Lisez ensuite l’étiquette de chaque variété. L’espacement dépend de la largeur adulte, de la haie souhaitée et du nombre de rangs. Une distance identique pour tous les arbustes ne convient pas à une haie mêlant persistants, caducs et arbustes fleuris.
Avant de reboucher, cette courte vérification évite de recommencer au printemps :
- les racines nues ont été humidifiées et restent étalées, sans paquet replié au fond ;
- les mottes sèches ont trempé quelques minutes avant la mise en terre ;
- le collet arrive à la hauteur de la terre autour de la tranchée ;
- l’espacement suit l’étiquette du plant, pas une mesure prise au hasard ;
- la terre fine revient entre les racines avant un tassement léger à la main.
Rebouchez progressivement, tassez avec la paume ou le pied autour de chaque plant, puis formez une petite cuvette. Elle retient l’eau d’arrosage près des racines au lieu de la laisser filer sur la pelouse.
Arroser et pailler pendant la reprise
Arrosez généreusement après la plantation, même si la météo annonce de la pluie. Cet apport met la terre au contact des racines. Ensuite, surveillez la terre sous la surface : elle doit rester fraîche, jamais boueuse.

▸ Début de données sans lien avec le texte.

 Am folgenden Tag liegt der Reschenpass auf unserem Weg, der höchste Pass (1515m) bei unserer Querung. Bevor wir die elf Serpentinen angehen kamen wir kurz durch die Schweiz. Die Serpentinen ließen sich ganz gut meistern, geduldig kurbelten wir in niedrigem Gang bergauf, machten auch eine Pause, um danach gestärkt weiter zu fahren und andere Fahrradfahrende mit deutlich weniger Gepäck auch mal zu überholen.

Ajoutez une couche de paillage d’environ 7 cm sur la ligne. Écorces, feuilles bien décomposées ou compost mûr limitent l’évaporation et freinent les herbes concurrentes. Laissez quelques centimètres libres autour des tiges pour ne pas maintenir une humidité permanente contre l’écorce.

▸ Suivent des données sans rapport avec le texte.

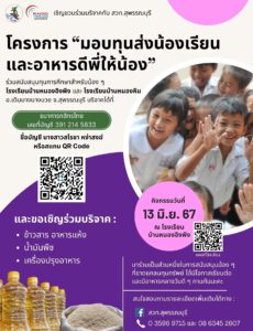 สวท.สุพรรณบุรี เตรียมจัดกิจกรรม“มอบทุนส่งน้องเรียนและอาหารดีพี่ให้น้อง”แก่เด็กและเยาวชนที่เรียนดีแต่ขาดโอกาสทางการศึกษาเนื่องจากขาดแคลนทุนทรัพย์
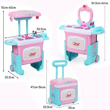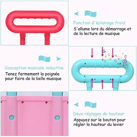 Nos jeux d’imitation pliables amuseront vos enfants longtemps en les accompagnant dans leur enfance! Le kit de maquillage peut non seulement servir de table de jeu mais Ă©galement se convertir en une valise Ă roulettes. La hauteur de la table de travail et le levier peuvent ĂȘtre rĂ©glĂ©s comme vous le souhaitez. Le jeu d’imitation permet aux enfants d’interagir avec leurs amis, dĂ©veloppant ainsi leurs relations sociales. Ils disposent de nombreux accessoires de base qui leur permettent d’imiter des sessions de maquillage. La conception originale de l’Ă©clairage et du son crĂ©e une expĂ©rience de jeu plus intĂ©ressante pour vos enfants. GrĂące au polypropylĂšne inodore et Ă la finition soignĂ©e du produit, vous n’aurez pas Ă vous soucier des questions de sĂ©curitĂ©. De plus, l’espace gĂ©nĂ©reux facilite le rangement tout en donnant de bonnes habitudes Ă vos enfants.
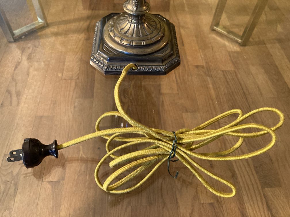 • Lamp measures 24.5” high to top of finial screw (missing finial), 17.5” high to top of socket, x approx. 4.5” at widest part of body
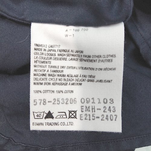 ◇ EDWIN エドウィン フロントボタン ポケット 無地 コットン 長袖 シャツ サイズ1 ネイビー メンズ レディース E 1
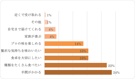 おせち購入の理由として「手間がかかる」(24%)「種類をたくさん食べたい」(22%)「贅沢な気持ちを味わいたい」(15%)「プロの味を楽しみたい」(14%)などが上位にあがりました。

Le premier hiver, arrosez lors d’une période sèche et hors gel. Le suivi ne s’arrête pas après novembre : une haie récente profite d’arrosages réguliers pendant ses deux premières années, surtout au retour des beaux jours.
Pour le même contrôle de hauteur du collet sur un sujet voisin, notre article sur la plantation d’un arbre fruitier en automne détaille aussi le premier arrosage. Ici, le repère visuel reste simple : au printemps, les bourgeons repartent sur des plants droits, dont le sol reste couvert mais non détrempé.